The three were now once more together in the very room where, a few hours before they had chatted so comfortably around the tea table. But no one broke the silence. The artist had seated himself opposite to the bust of his dead wife, and seemed to be questioning the mute features about the eternal secret of life and death. Mohr, with his hands crossed behind his back, paced restlessly up and down the room like a caged lion, pausing at every dozen steps as if to listen. Leah sat at the window, gazing out into the storm. She did not move a limb, her eyes were closed, but not for a single second did she lose her consciousness of what was passing around her. The cause of this paralysis was neither bodily exhaustion nor the stupor that often follows great excitement. When she removed the clothing from the stranger's motionless body to wrap it in blankets, she had found under the wet corsets a small, leather case, fastened with a red ribbon. Thinking it might contain a letter which would give some cause for her mad act, or a card with her name, which Mohr had not thought to tell them, she opened it, unnoticed by the others. It contained neither letter nor card, but a photograph stained, to be sure, by the water, but in which she nevertheless recognized at the first glance--Edwin.
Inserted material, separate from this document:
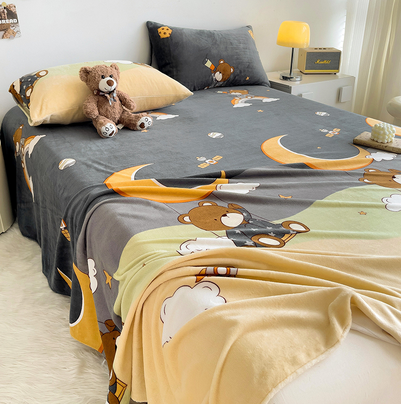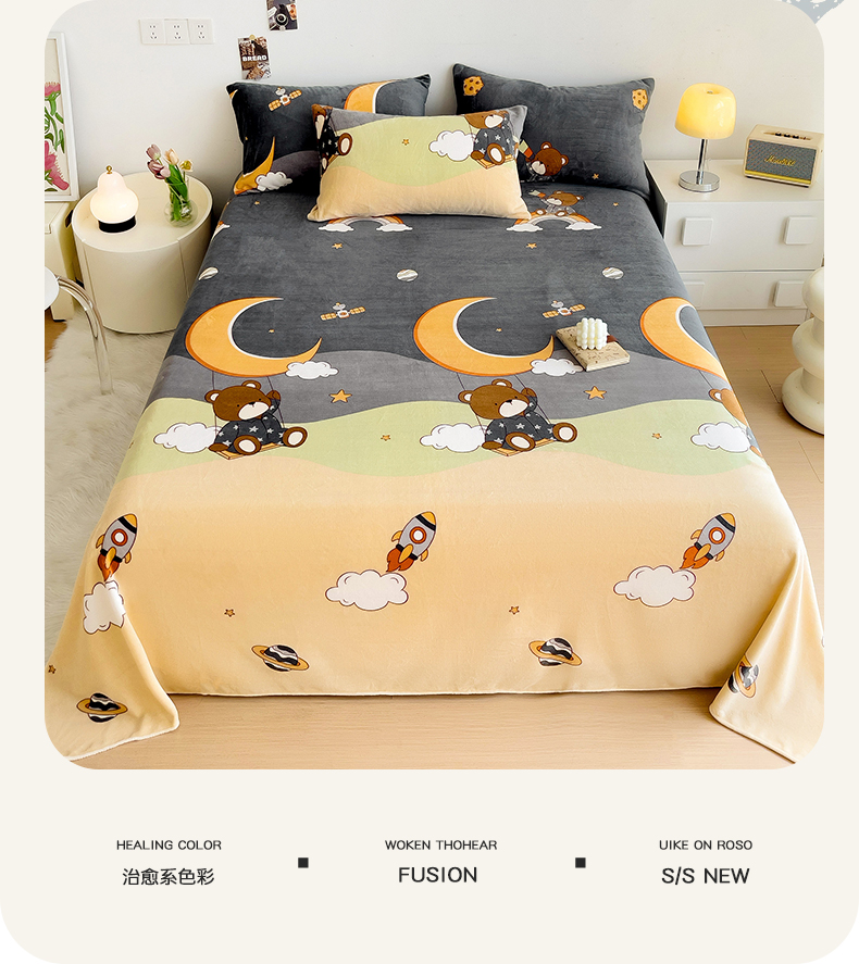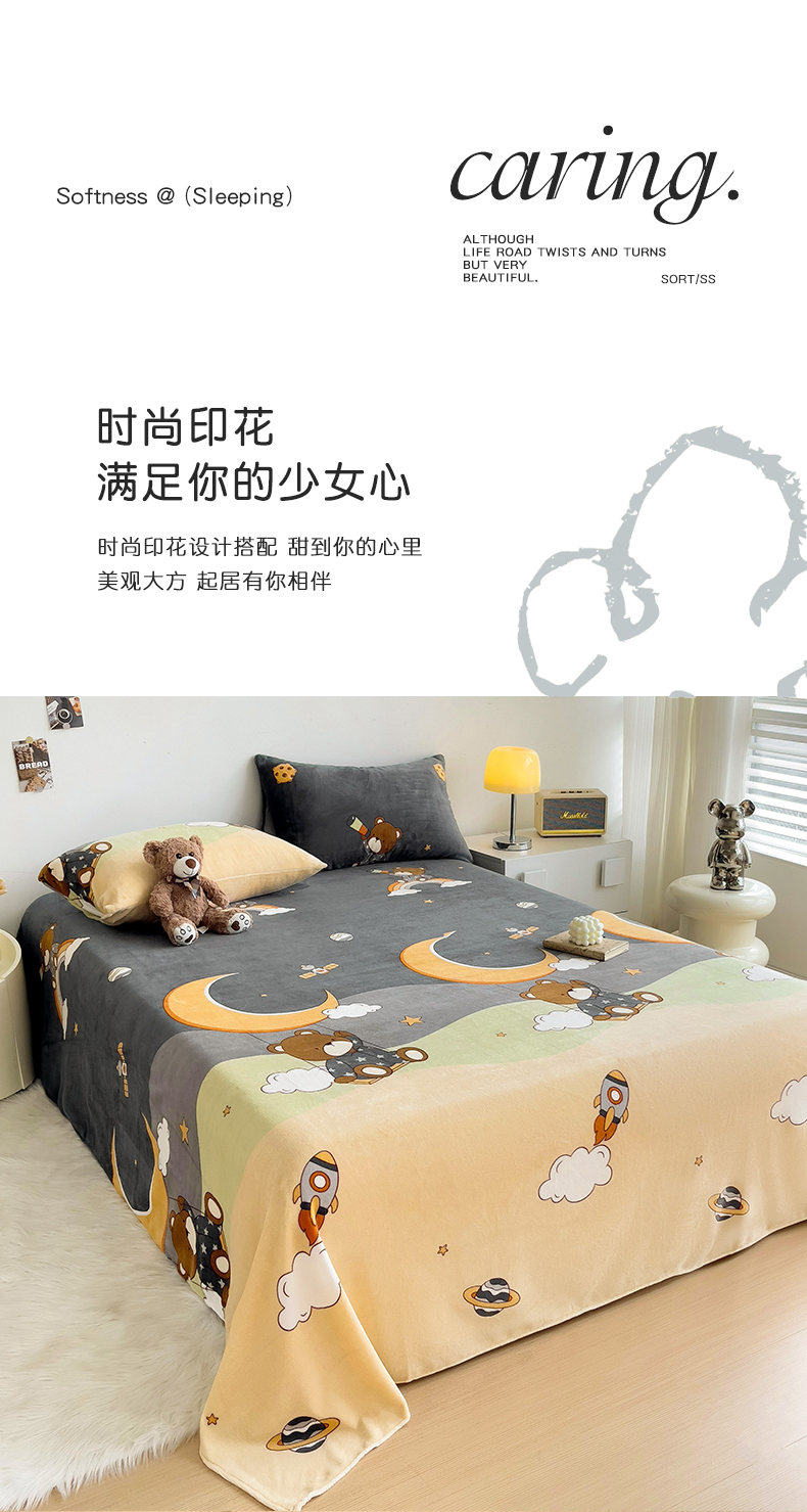 艾橙家纺 2024新款A类加厚牛奶绒印花床单 梦星空

We need add nothing farther to explain why she sat so absently at the window hour after hour.

At last--it was probably about four o'clock in the morning--they heard the door on the opposite side of the entry open, and directly after Marquard entered.

"Good morning," he said dryly. "We've won the victory and driven the enemy from all his positions. My adjutant, your excellent old servant, Herr KÖnig, has orders to pursue him and clear the battle field of all marauders. I'm going home to get a few hours sleep, and I shall then have the honor of seeing you again."

He bowed carelessly and left the room. As he was groping in the dark passage to find the door, he suddenly felt himself seized from behind and clasped in two trembling arms. Mohr lay sobbing on his neck.